早くも終演から17時間が経つ。
「夢のような」とは、よく聞く話しだが、気が付くと一瞬のように演奏は終わっていた。指揮をしながら「これが現実だろうか?」という不思議な感覚に襲われたりもした。
シュテファン大聖堂でモーツァルトの命日に毎年開催される「モーツァルト追悼記念演奏会」は、大作曲家の霊を慰めるため、終演後に一切の拍手はない。静まり返った堂内に、モーツァルトの葬儀のときと同じ鈴の音が鳴り響き、葬列に参列するかのように、指揮者、ソリスト、オーケストラ、そしてコーラスは退場する。
しかし、その凛と張り詰めた空気の荘厳さから、わたしたちの演奏はウィーンの人々に受け入れられたことを実感した。すべての聴衆はコーラスの最後のひとりが退場するまで、身じろぎもせず着席したままであった。
終演後、4人のソリストからは口々に、このコンサートに参加できた歓びと演奏への讃辞を頂き、オーケストラ奏者たちからも拍手を頂いた。

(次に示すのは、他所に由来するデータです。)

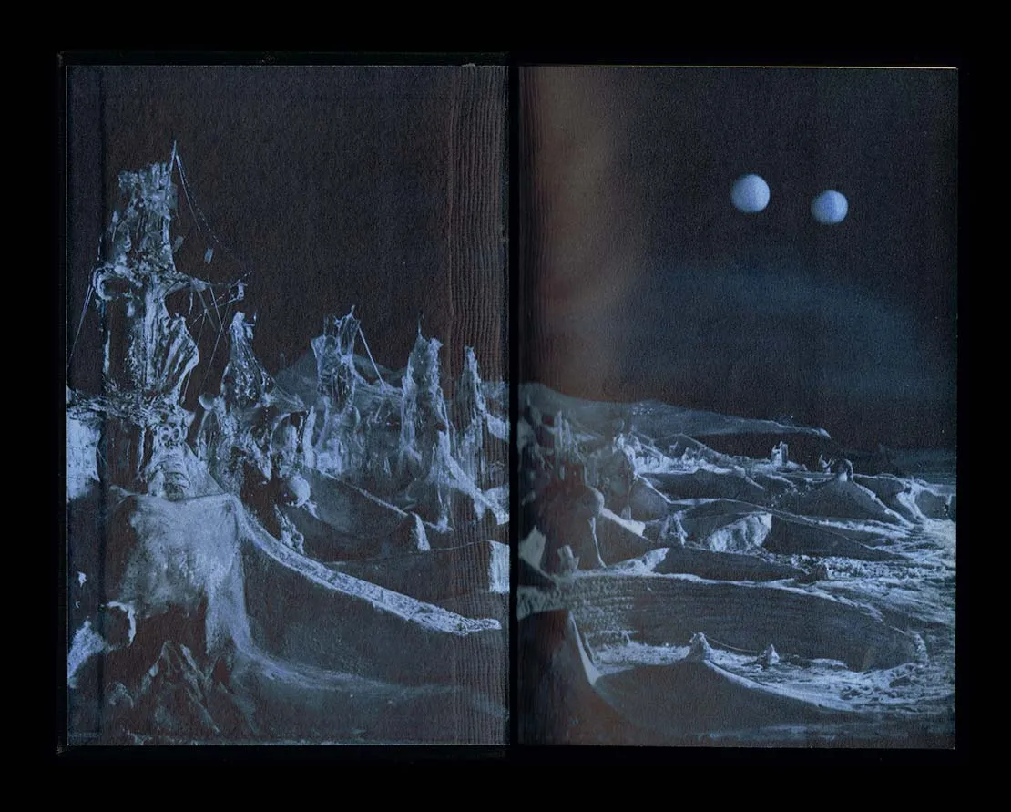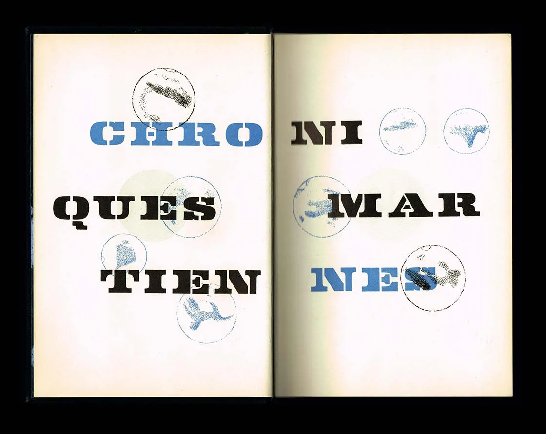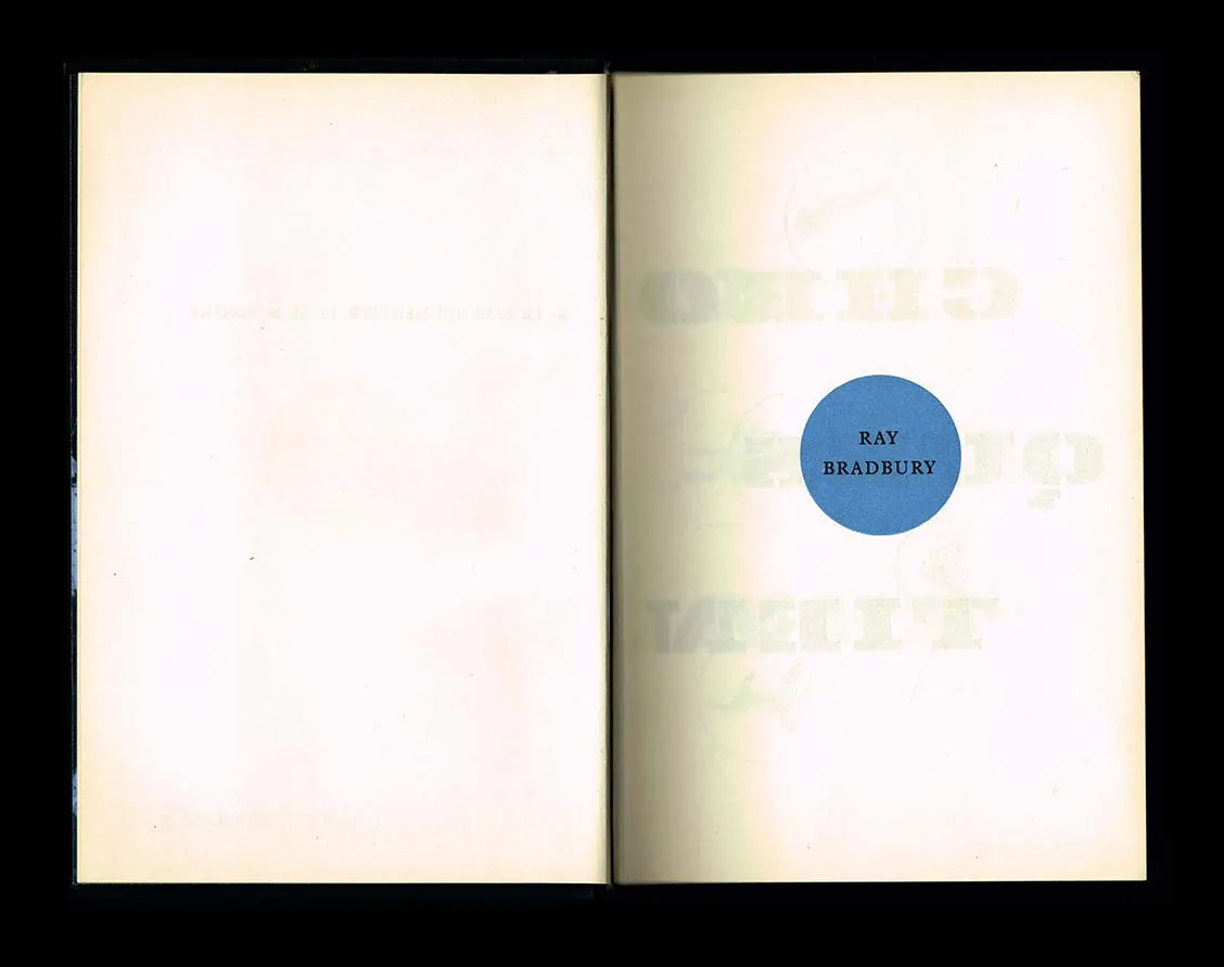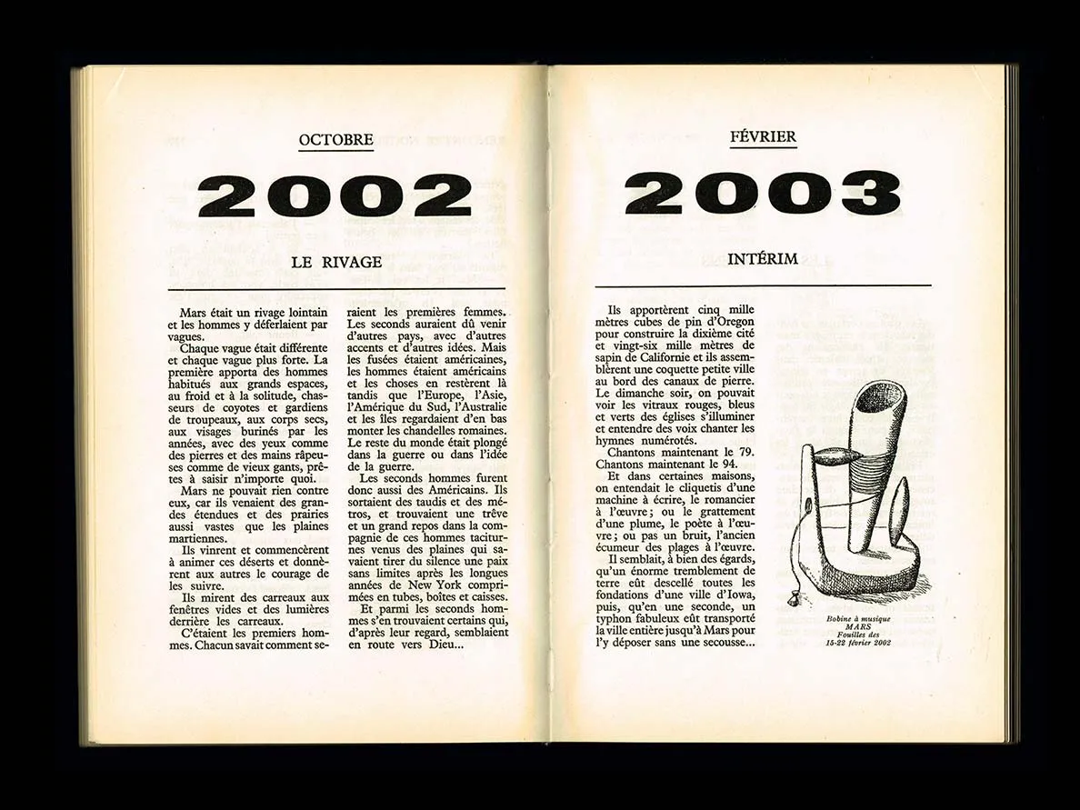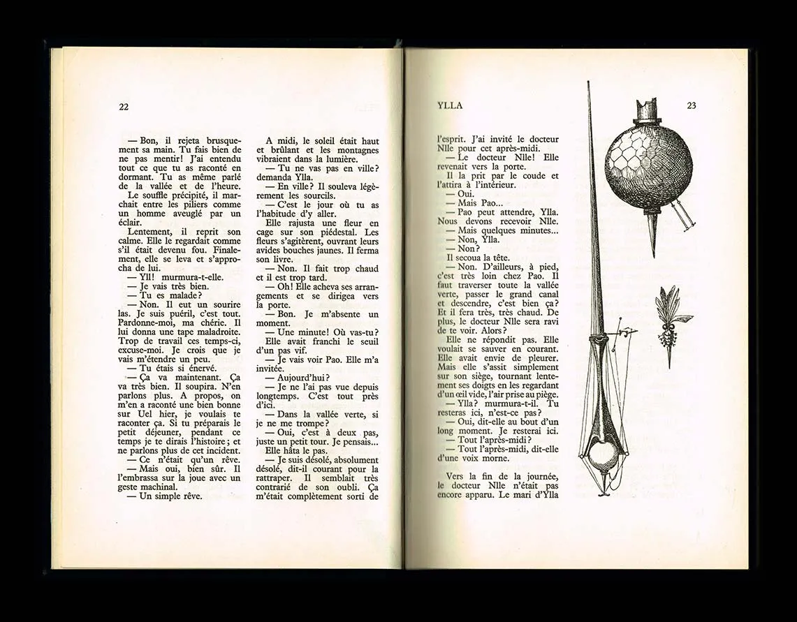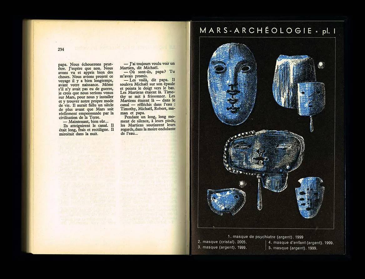 Another favourite from the collection is the famous book Chroniques Martiennes (The Martian Chronicles) by Ray Bradbury, published by the Club in 1955. In this book, the cloth-bound black hardcover is illustrated with a representation of the planet Mars in white and blue silkscreen, making a true impact over the dark black background. Inside the book, Fricker plays with its typography from the title page to the text block, where she decides to set the text in two columns with a big chapter title, helping us realise that this book is not composed of a single story but of different short stories written across time. The text is supported by illustrations of Jacques Noël, which help to visualise the storytelling better.

ソリスト席に立つのは、チューリヒ歌劇場専属のソプラノ:トラットニックさん、フォルクスオパー専属のアルト:ミケリッチさん、ハプスブルク家の葬儀で独唱者に抜擢されたテノールのハインリヒさん、ウィーン宮廷歌手バンクルさんという、まさにヨーロッパの第一線に立たれる4者。彼らの射抜くような視線を受け止めつつ、それに応えながら、或いは道を示しながら指揮するという歓びは、官能的とも呼べるもので魂が震えたものである。
さらに光栄なことに、シモーネ・ヤング先生の祝福も受けることができた。シモーネ・ヤング先生は、「ダフネ」の指揮を終えた直後にシュテファン大聖堂に駆け付けてくださったのだ。「ファンタスティック。 素晴らしい演奏に魅了されました。おめでとう!」
とのお言葉、録音しておきたかったなぁ。